LSTM layer dimensionality

Why is the default dimensionality of GRU/LSTM layers (seq.length x batch_size x hidden_dim)? This is quite confusing, as I need to do more layer permutations, to make sure that the next layer (e.g. fc) takes in the batch rather than the sequence as an input.

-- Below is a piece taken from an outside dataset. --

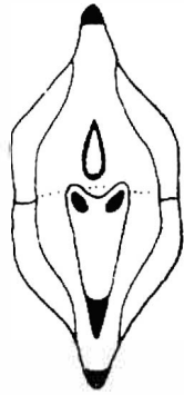
Figure 2. Inside mouth of nestling Rufous Songlark showing distinctive pattern of spots.

tongue tipped black or grey, while the tongues of others were edged all round with black or grey. This variation in tongue colour may provide a useful ageing character for female Rufous Songlarks when more information on its timing is obtained. Data are insufficient at the moment; no birds were retrapped during the study, so individual changes in tongue markings could not be detected. Any females with pink palates should be considered as '2+'.

What’s the rationale for this?

the next layer will takes in the batch although the shape of rnn layer is (seq_length, batch_size, hidden_dim) when rnn run all time step.

OK so is this correct?

>     def forward(self, x)
>         b = x.size()[0]
>         out_batch = self.embedding(x.long())
>         # lstm - convert input to (seq_lengthxbatch sizexnum of features) dims
>         out_lstm, (h_t, o_t) = self.lstm(out_batch.view(-1, b, self.embedding_dim))
>         out_lstm = out_lstm[-1,:,:]
>         out_fc1 = self.fc1(out_lstm)
>         return out_fc1

where self.lstm = nn.LSTM(embedding_dim, hidden_dim_lstm, n_layers, batch_first=True)

view() can be a dangerous function. Just because it throws nor error and the next layer accept it as input doesn’t necessarily mean that that the reshaping is “semantically” correct.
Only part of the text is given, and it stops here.